Ultimately, the future of AI is inseparable from the future of humanity. Technology will continue to evolve. The more urgent question is whether humans will evolve in depth, integrity and wisdom alongside it.
“Practices that enable resilience already exist, but they must be reinforced; they must begin now. Educational systems should prioritize moral reasoning, creativity and embodied learning, areas where humans remain uniquely capable. Individuals can cultivate digital boundaries, intentional learning and reflective habits that preserve agency. The workplace should reward judgment, stewardship and relational leadership, not just speed and output. Institutions can embed ethical reviews, human oversight and interdisciplinary governance into AI deployment. Families and faith communities should teach children how to live with technology without being shaped entirely by it.

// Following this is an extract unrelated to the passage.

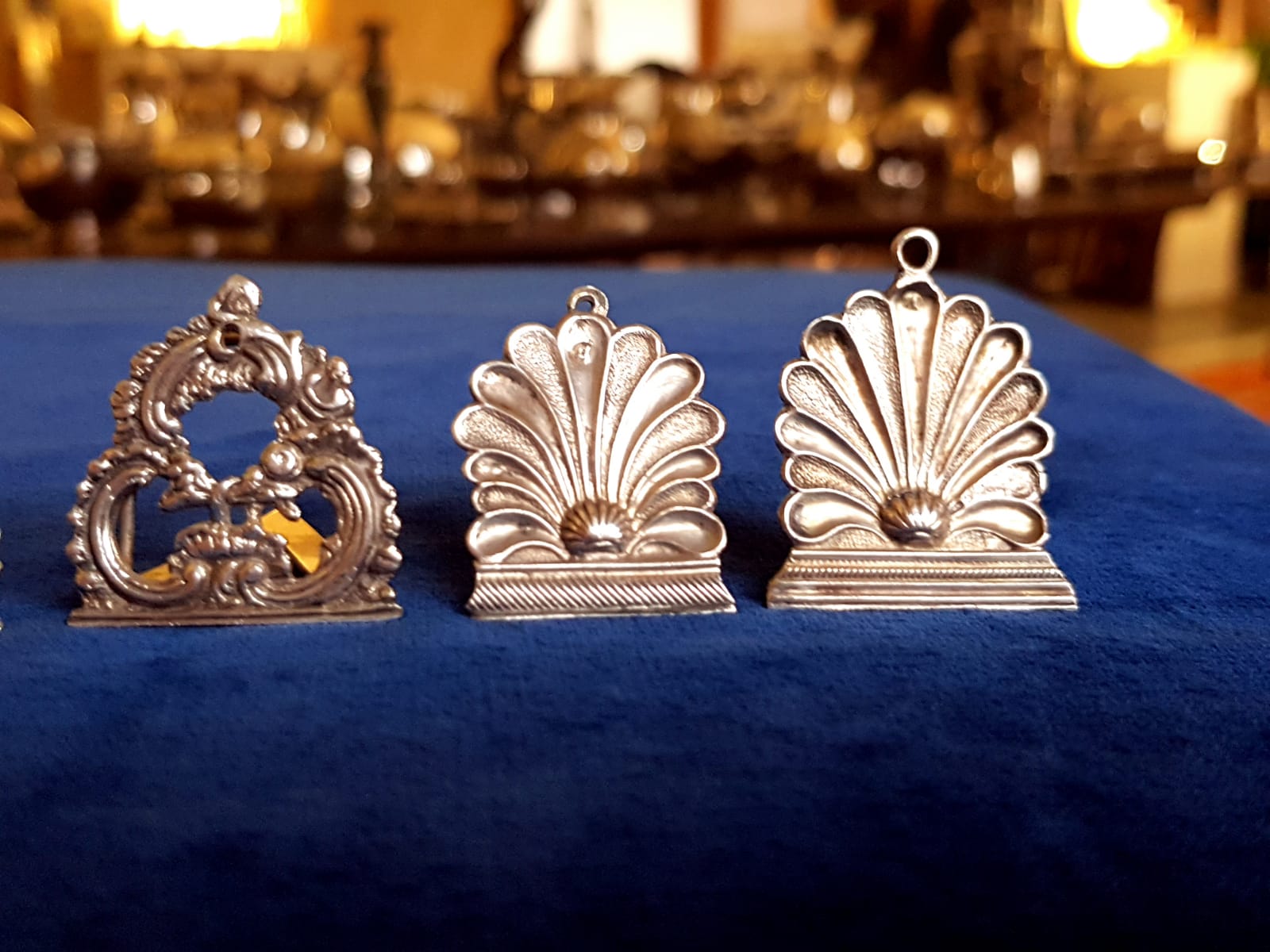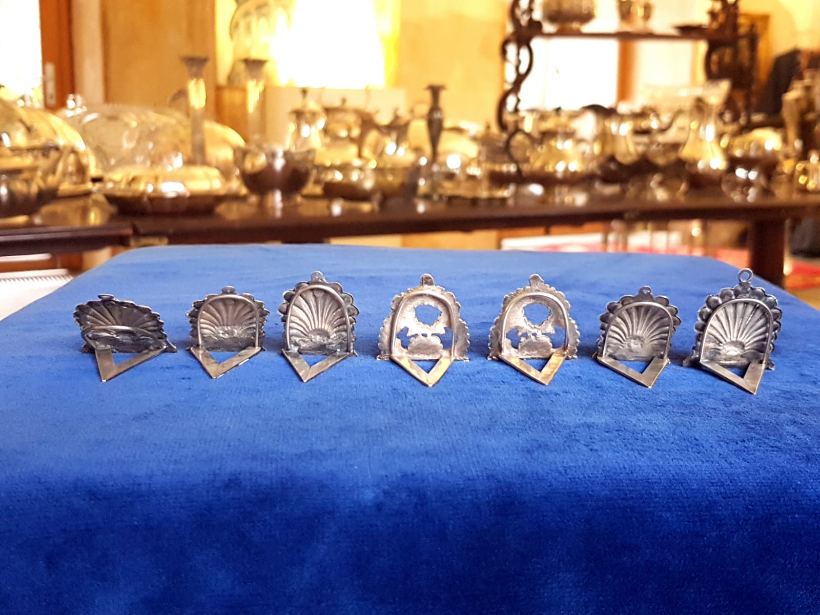 Elevate your formal table settings with this exquisite 7-piece collection of antique silver place card holders.

“New vulnerabilities will emerge. Cognitive laziness, emotional displacement, over-reliance on automated authority and widening gaps between those who can critically engage AI and those who cannot are real risks. Coping strategies must be proactive rather than reactive. Teaching people how to pause, evaluate and choose deliberately may be as important as teaching them how to code and cook.
“Ultimately, the future of AI is inseparable from the future of humanity. Technology will continue to evolve. The more urgent question is whether humans will evolve in depth, integrity and wisdom alongside it. Resilience will not come from resisting change, but from anchoring change in values that honor human dignity, rational intelligence and moral responsibility.
“The task before us is not to become more like machines, but to become more fully human in their presence.”
This essay was written in January 2026 in reply to the question: “AI systems are likely to begin to play a much more significant role in shaping our decisions, work and daily lives. How might individuals and societies embrace, resist and/or struggle with such transformative change? As opportunities and challenges arise due to the positive, neutral and negative ripple effects of digital change, what cognitive, emotional, social and ethical capacities must we cultivate to ensure effective resilience? What practices and resources will enable resilience? What actions must we take right now to reinforce human and systems resilience? What new vulnerabilities might arise and what new coping strategies are important to teach and nurture?” This and 200-plus additional essay responses are included in the 2026 report “Building a Human Resilience Infrastructure for the AI Age.”